PROBLEM:
Could you copy exactly the lines below, beginning at the line with "The case had" and stopping after the line with "一起溝通協(xié)作的工作方式 矢量人物插畫", with no pictures?

EXTRACTED MATERIAL:

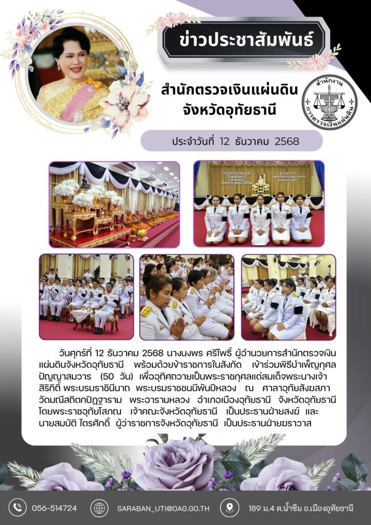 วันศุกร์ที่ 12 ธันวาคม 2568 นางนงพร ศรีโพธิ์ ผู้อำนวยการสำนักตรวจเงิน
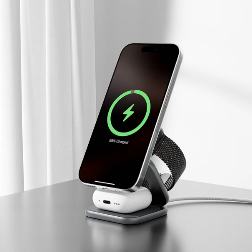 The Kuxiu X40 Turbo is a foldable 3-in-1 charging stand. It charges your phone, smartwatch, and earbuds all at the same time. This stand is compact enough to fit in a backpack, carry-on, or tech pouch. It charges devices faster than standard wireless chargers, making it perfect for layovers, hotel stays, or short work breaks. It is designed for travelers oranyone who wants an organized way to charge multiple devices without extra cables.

...

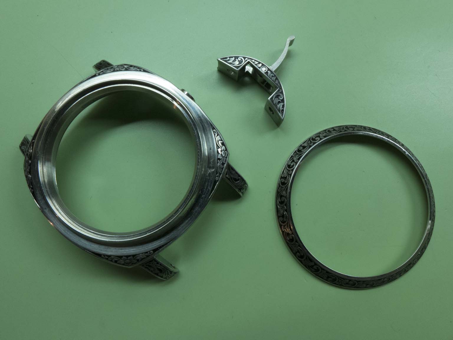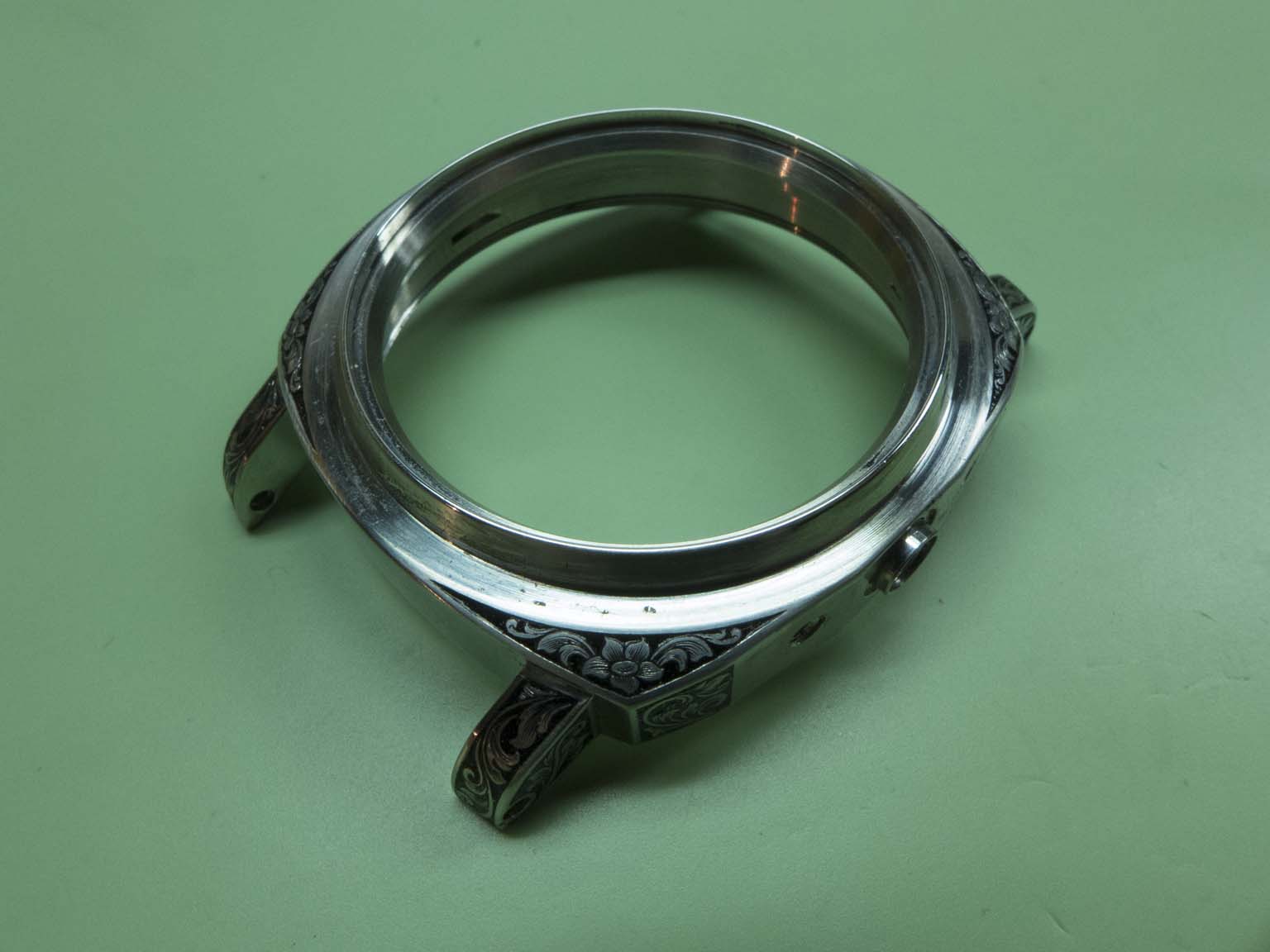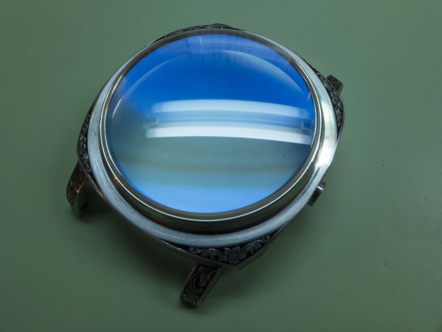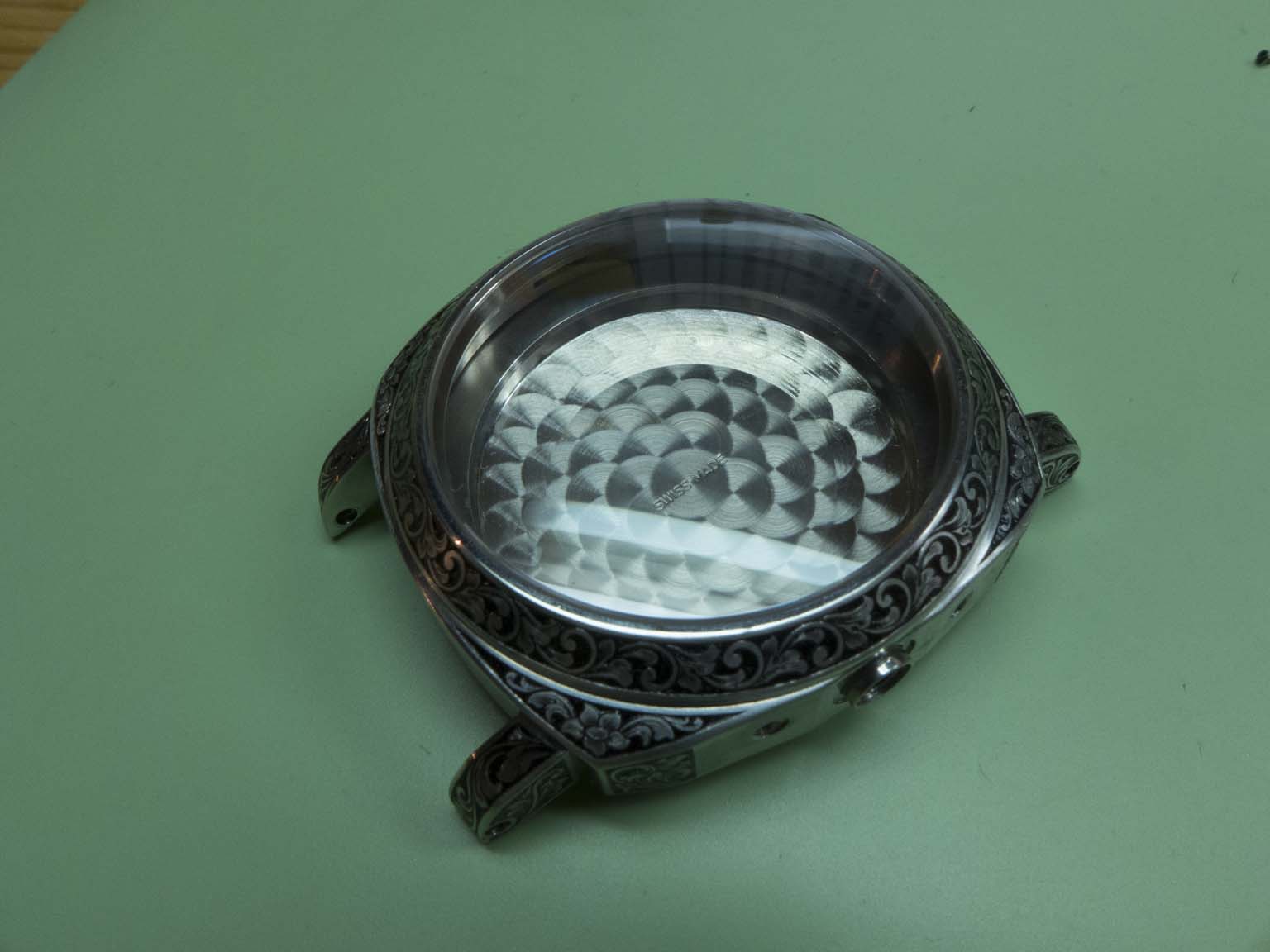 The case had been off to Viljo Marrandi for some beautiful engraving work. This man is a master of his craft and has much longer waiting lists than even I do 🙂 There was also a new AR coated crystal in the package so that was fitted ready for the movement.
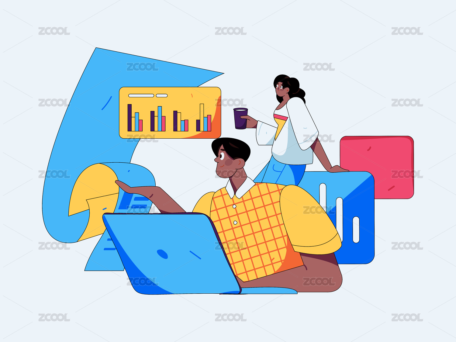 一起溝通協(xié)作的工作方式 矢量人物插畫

TASK ANSWER:
 The case had been off to Viljo Marrandi for some beautiful engraving work. This man is a master of his craft and has much longer waiting lists than even I do 🙂 There was also a new AR coated crystal in the package so that was fitted ready for the movement.
 一起溝通協(xié)作的工作方式 矢量人物插畫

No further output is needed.